# steering wheel "Locks-up" while turning



## RDRZH (Mar 9, 2007)

I have recently had the privlage of the steering "Locking-up" while making a turn. This almost caused a serious problem, (CRASH). Does anyone know what would make the steering "lock-up"? There has been "creaking" sounds coming from the steering column for some time now. Any help will be much appreciated.
Thanks !!!!!!


----------



## Lbert (Oct 6, 2006)

Chek the level and condition of the steering fluid. Since fluid is cheap, I would first change it and see it helps. If it does not, you are out $6.00.


----------



## crowz (Oct 28, 2006)

Probably the ujoints in the column binding but also could be the theft lock messing up, Id get that fixed before driving it anymore at all.


----------



## bm.reno (Aug 21, 2007)

Check the pump too.


----------



## nelson d (Nov 11, 2006)

*Binding steering*

my 97 was binding on sharp turns, as in not returning to center by itsself, turns out it was the U-Joints on steering shaft under the hood, there are no grease fittings, after much WD-40 it loosened up.


----------



## Mark_Liverpool (Sep 1, 2007)

I've had this problem on a few cars we've had in our place, problems did go as have been suggested above but have had two where the steering would "click" about 2-3 times on a lock to lock rotation, all one rotation apart. The problem was the steering lock had gone gammy and was actually engaging with the steering column! Two ways to rectify:

Expensive: Buy a new/used steering lock/column, different manufacturers sell these seperately or as one piece.

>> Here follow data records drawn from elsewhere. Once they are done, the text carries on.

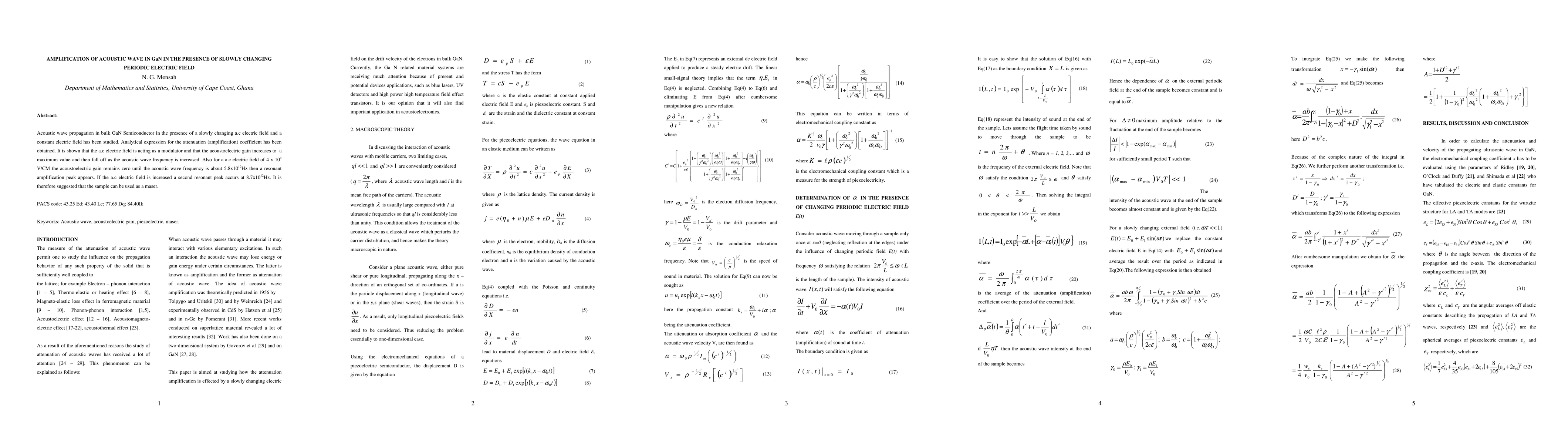 Summary: This study investigates acoustic wave behavior in GaN semiconductor under a combination of slowly changing a.c electric fields and a constant field, revealing an acoustoelectric gain modulated by the a.c field that peaks and then declines with frequency. At specific frequencies, resonant amplification peaks occur, suggesting potential for the material to function as a maser.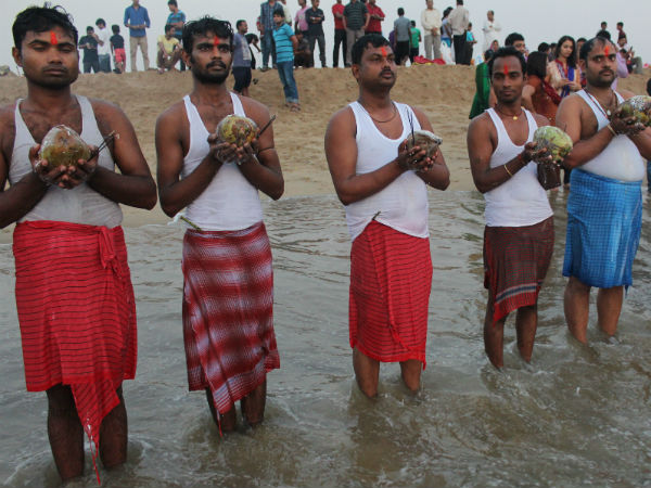 நீர் நிலைகளுக்குச் சென்று புனித நீராடி பின்னர் வழிபாடு நடத்துவர் பெண்கள். மேலும், சூரிய பகவானுக்கு இளநீர், பழங்கள், இனிப்புகளை படையல் இடுவர்.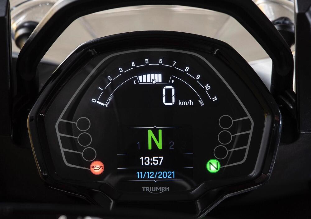 Il cruscotto TFT a colori è una variante meramente formale di quello che equipaggia la Trident, con connettività My Triumph che supporta navigazione semplificata turn-by-turn, controllo remoto della GoPro, ascolto della musica e gestione dello smartphone.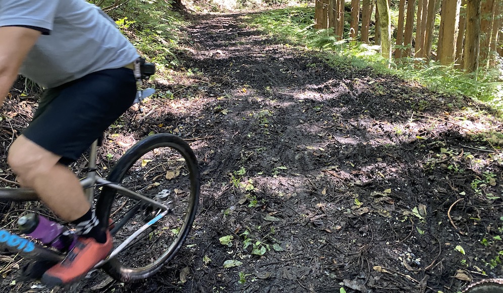 先に進む、最後のチェックポイントまでグラベルの下りをかっ飛ばしながらも途中止まり、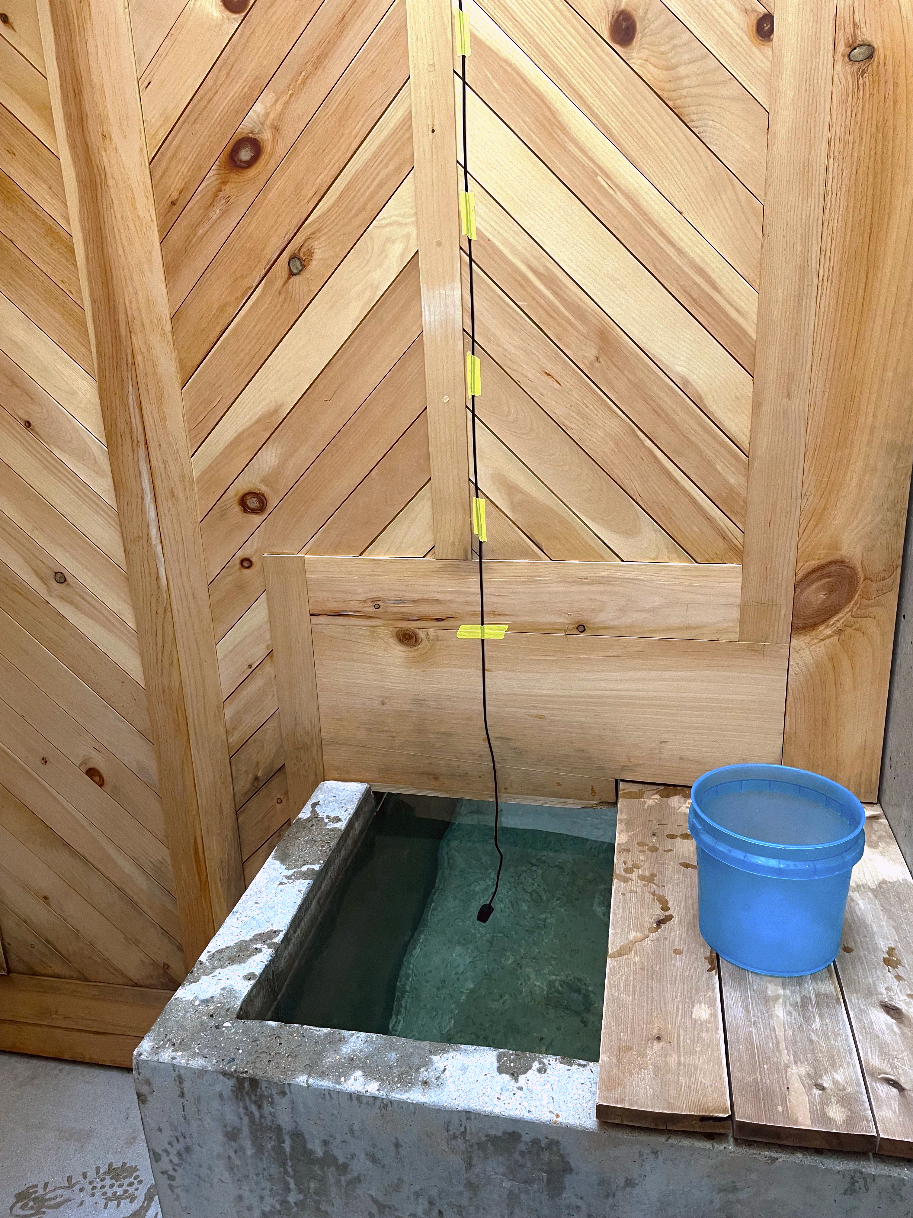 While melting into puddles, we also devised a sound installation called The Seven Elements, which was enacted on a “Silent Friday” wherein every visitor is asked to remain silent throughout the day. We tried to play with this silence, rather than capitalize on it, by activating many of the spaces ambiently: we sent live audio from the cold pool outside the saunas to a hidden PA system on the roof, letting everyone in the exterior warm pools know that someone, somewhere, was cooling off. We installed a miniature speaker in the sauna’s vent that played audio of machinery and pipes, recorded over the course of the week, into the deepest chamber of the bathhouse, bringing sweaters in closer sonic proximity to the infrastrusture of the space.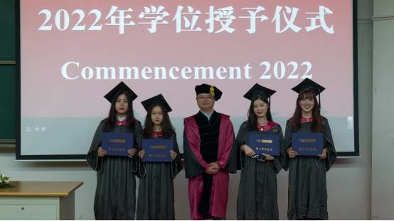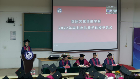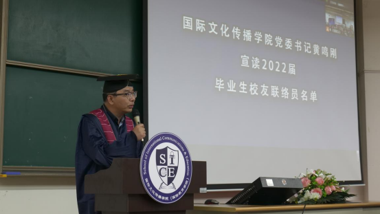 在同学们热烈的掌声中,戴运财院长宣读了国际文化传播学院(国际教育学院)省级优秀毕业生、校级优秀毕业生表彰名单;黄鸣刚书记宣读2022届毕业生校友联络员名单。同时,两位学院领导为毕业生们送上最真挚的祝福。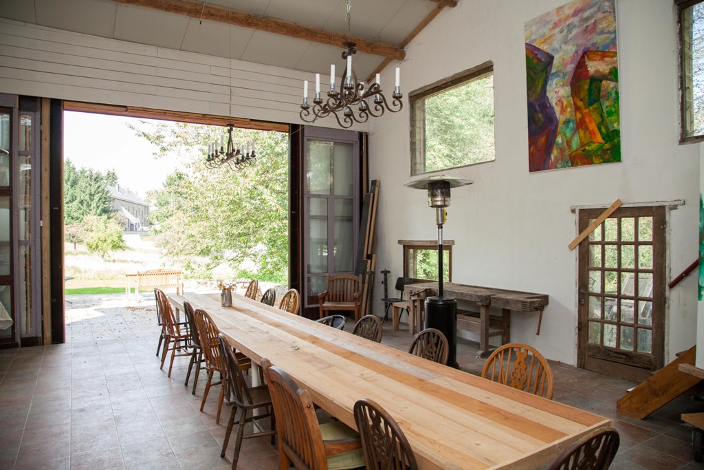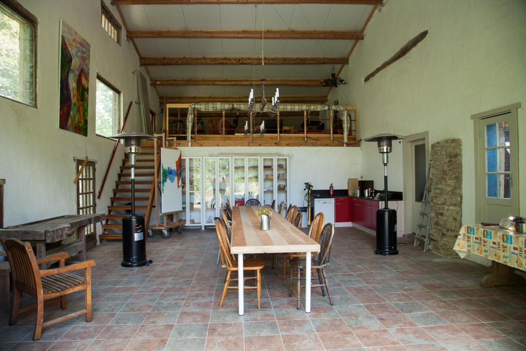 Een groot huis met 17 tweepersoons slaapkamers, een grote keuken, woonkamer, ontbijtkamer, serre, een apart atelier en omgeven door een tuin van bijna een hectare groot. De perfecte plek om met een grote groep een heel weekend lang bord-/kaartspelletjes te spelen.

Cheap: Dismantle the steering column to get the lock out, see if you can get it to retract properly again by greasing, or just grind about half of it off, so it will still engage with the key removed but will clear the column. You can test this without having to put it all back in the car each time.

Hope this helps.

Mark


----------



## JMLawson (Nov 3, 2007)

*Locking Steering column 2007 335i*

Looking for some help. 2007 335i WITHOUT ACTIVE STEERING...steering column locked while driving. Steering column had been "clicking" when making a hard left turn after a right turn. BMW USA says the steering problem is only on cars with ACTIVE steering and can find no problem with the car. Will not replace steering column or lock. I see lots of posts about 2006 330i's locking, some of which had the steering column replaced but cannot tell from posts if cars had Active steering. This car locked on a ridge road in the middle of a hairpin turn..... All comments and help welcome!


----------



## Markt8 (Sep 24, 2007)

Ive had this problem and my anti roll bar had fallen off onto the track rod arms putting a lot of weight on them

Mark


----------



## Eazy-E46 (Jan 29, 2008)

Anyone ever find a fix for this?


----------



## spx921 (Feb 4, 2011)

*Steering wheel Lock Up*

Electronic Steering Wheel Lock Fault

--------------------------------------------------------------------------------

I have the same problem as of 2/3/2011 on a 325i 2006. I spoke to BMW and they state they have "NO RECALLS" unless issued by NHTSA. My suggestion is that everyone that has had this problem file a complaint ASAP under "STEERING" with the NHTSA making sure you have your VIN#. Please file your complaint with the NHTSA: https://www-odi.nhtsa.dot.gov/ivoq/ The more complaints, the more likely this issue would be investigated and BMW would be forced to deal with it.


----------